MorselFlow

出された量と食べた量

大盛りを出されると、食べる量はどれくらい増える?

58件・6,603人の研究をまとめたCochraneレビューでは、大きなポーション、パッケージ、食器を提示された人は、小さいものを提示された人より多く食べました。
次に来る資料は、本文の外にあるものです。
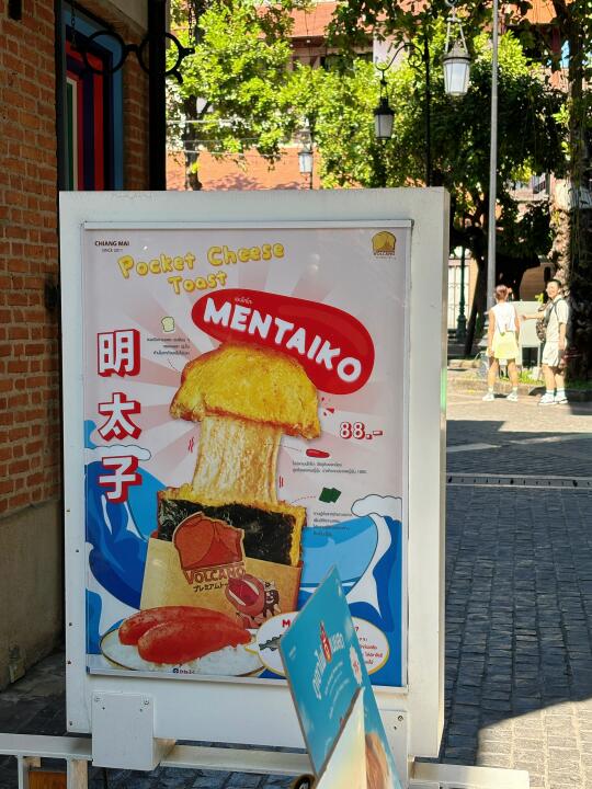 答应我!准备去清迈旅游的姐妹一定要去吃这个 大家请先🌟好!吃了你會感謝我[笑哭R] 去清迈玩了一周回访了好几次的芝士拉丝吐司店 刚好在宁曼路逛街经过看见好多人排队就去试试 一口咬下去咸香酥脆!🧀是巨香巨好吃的还拉丝呢 吐司趁热吃真的绝!芝士脑袋必冲鸭[哭惹R] 我们点了原味、双重芝士、明太子和巧克力口味 全都hin好吃啊啊完全不踩雷!我个人偏爱明太子口味~ 這家店面就在宁曼路的📍The Volcano🍞

ただし、一度の大盛りで摂取量が必ず一定割合増えるという結果ではありません。

研究者は、食品の一人前、パッケージ、1個あたりの大きさ、食器の大きさを変えたランダム化試験を集め、参加者が選んだ量または実際に口にした量を比較しました。食品の摂取量を扱った58件・86比較では、大きいサイズを提示された参加者ほど多く食べました。

大きいサイズを提示された参加者は、小さいサイズを提示された参加者より多く食べました。

8.5–13.5%

レビューで観察した差が食生活全体で続くと仮定した、英国の子どもと成人の1日平均エネルギー摂取量の推定減少幅(144〜228 kcal)

食品の摂取量を扱った58件・86比較、参加者6,603人の統合結果です。食品摂取量の標準化平均差は0.38(95%信頼区間0.29〜0.46)でした。図の皿は概念図で、8.5〜13.5%は食生活全体へ効果が続くと仮定したモデル推計です。 出典:Cochraneレビュー「Portion, package or tableware size for changing selection and consumption」

参加者が食べた量には、空腹だけでなく提示されたサイズも関係していました。

レビューは、サイズを変えた条件間で参加者の平均摂取量を比較しています。研究結果は、参加者が意識して大盛りを選んだ場合だけでなく、研究者や提供者があらかじめ量を変えた場合も含みます。

したがって、この結果から読み取れるのは「大盛りを選ぶ人は意志が弱い」ということではありません。食べる人の前にどの量を置くかという環境が、摂取量に関わる可能性です。

8.5〜13.5%は、一度の食事で個人の摂取量が増える割合ではありません。

研究者は、レビューで観察した効果が食生活全体で続くと仮定し、英国の子どもと成人の平均的な1日摂取量が144〜228 kcal、率にして8.5〜13.5%減る可能性をモデルで推計しました。

レビューに含まれた研究の多くは米国で行われ、観察期間も短いものが中心でした。家庭で小さめに盛れば同じ差が長期間続く、と証明した研究ではありません。

同じ料理を最初は少なめに盛り、おかわりを用意した日と、最初から大盛りにした日を比べる。

MorselFlowが写真から推定した量は、利用者が保存前に修正できます。

器の大きさや撮影角度で料理の見え方は変わるため、写真だけでは量を正確に測れません。MorselFlowは、少なめ・普通・多めなどの候補を確認画面に表示します。

利用者は提案と実際の食事を見比べ、違う場合だけ量を直せます。アプリの推定値は計測結果ではありません。

本記事の数値は集団向けの公的基準または研究結果です。個人の診断・治療・栄養指導を目的とするものではありません。料理候補、量、栄養値は推定であり、実際と異なる場合があります。